= Thomas Nickleson Jeffery =

Canadian politician

Thomas Nickleson Jeffery (1782 – October 21, 1847) was a colonial official and politician in Nova Scotia.

He was born in Dorset, England. In 1798 he became an audit clerk in London and was, due to assistance from William Pitt the Younger, appointed collector of customs in Halifax, Nova Scotia. Though the salary was small Jefferey benefitted from lucrative fees.

In 1805 he married Martha Maria Uniacke, daughter of Richard John Uniacke who was one of the wealthiest men and influential figures in the province. In 1810, Jeffery was appointed to the Nova Scotia Council and supported Uniacke's high church Toryism.

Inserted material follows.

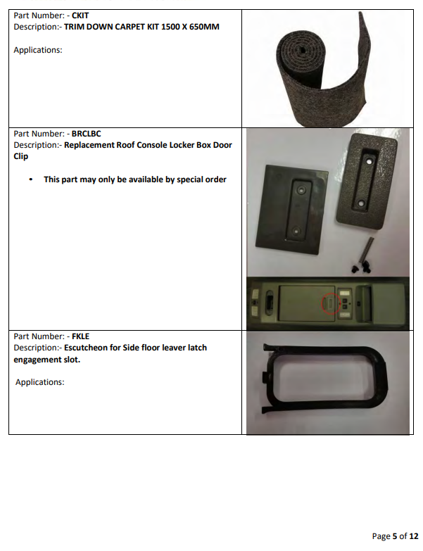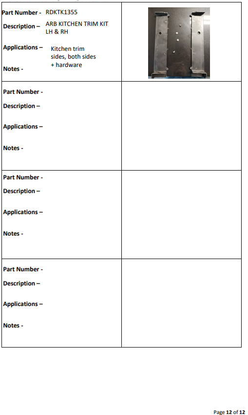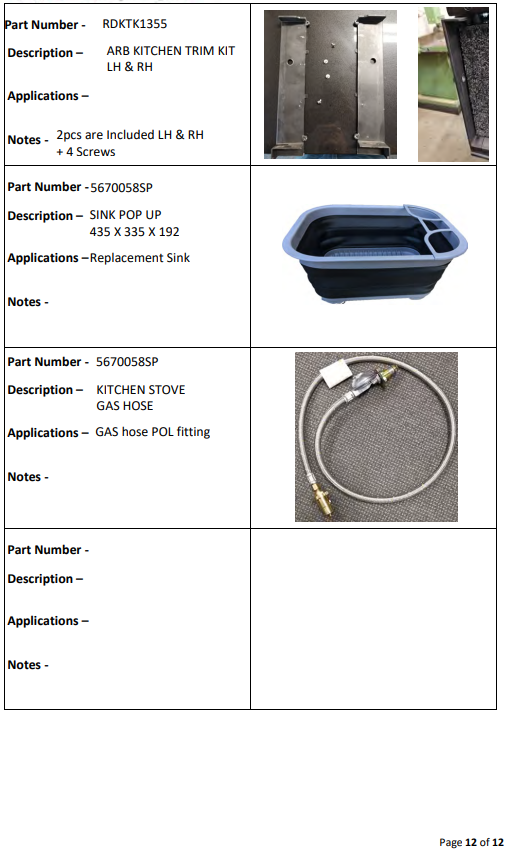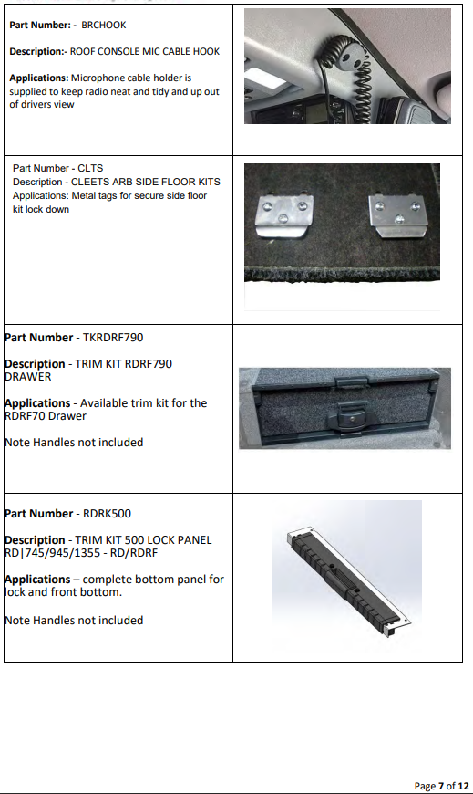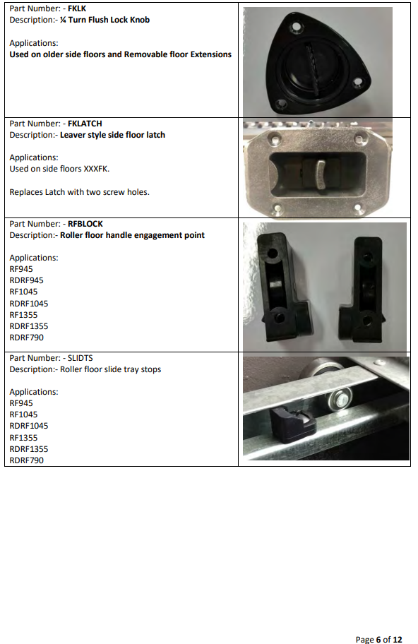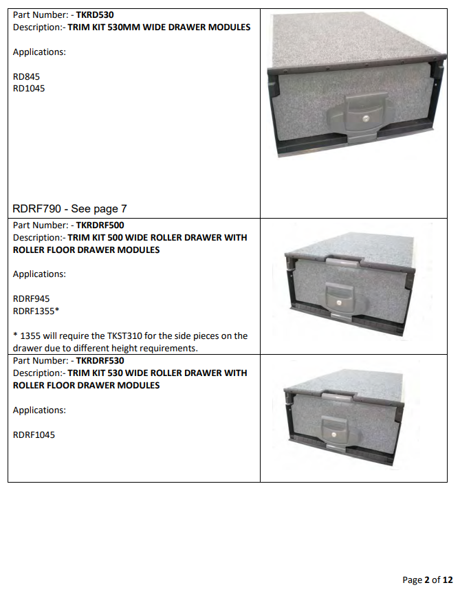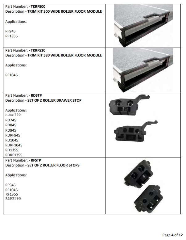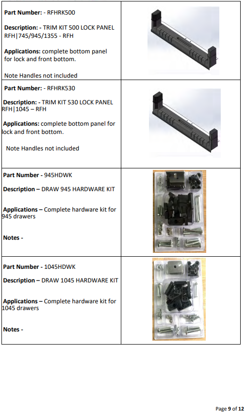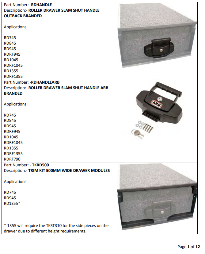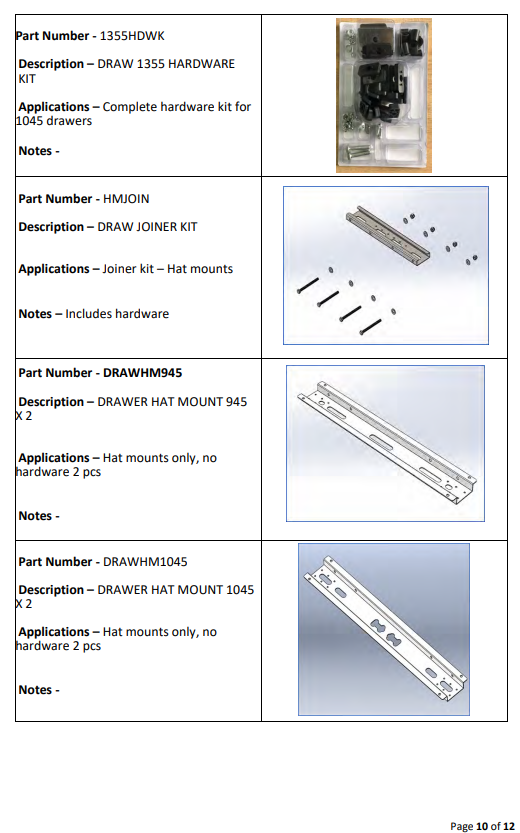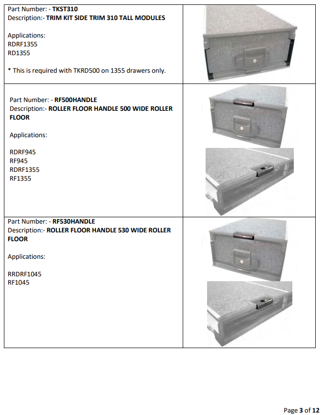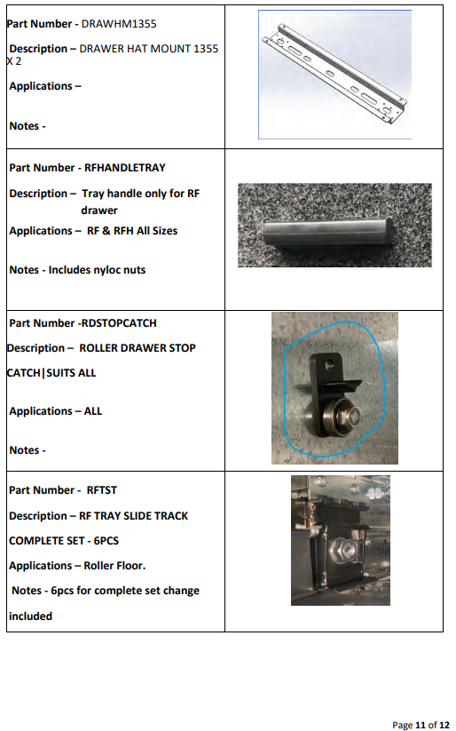 Drawer System Spare Parts List

In 1828 and again in 1834, Jeffrey was Acting Lieutenant Governor of Nova Scotia pending the arrival of permanent viceroys. Joseph Howe praised Jeffrey's administration in 1834 writing that “Mr. Jeffery’s administration has been highly acceptable to all classes,” and stating that Jeffrey had attempted “on all occasions . . . to preserve the peace and promote the welfare of the country.”

When the Legislative and Executive Council of Nova Scotia were split into separate bodies in 1838, Jeffery was appointed to the latter institution. He resigned in 1840 to make room for the appointment of members of the Reform party.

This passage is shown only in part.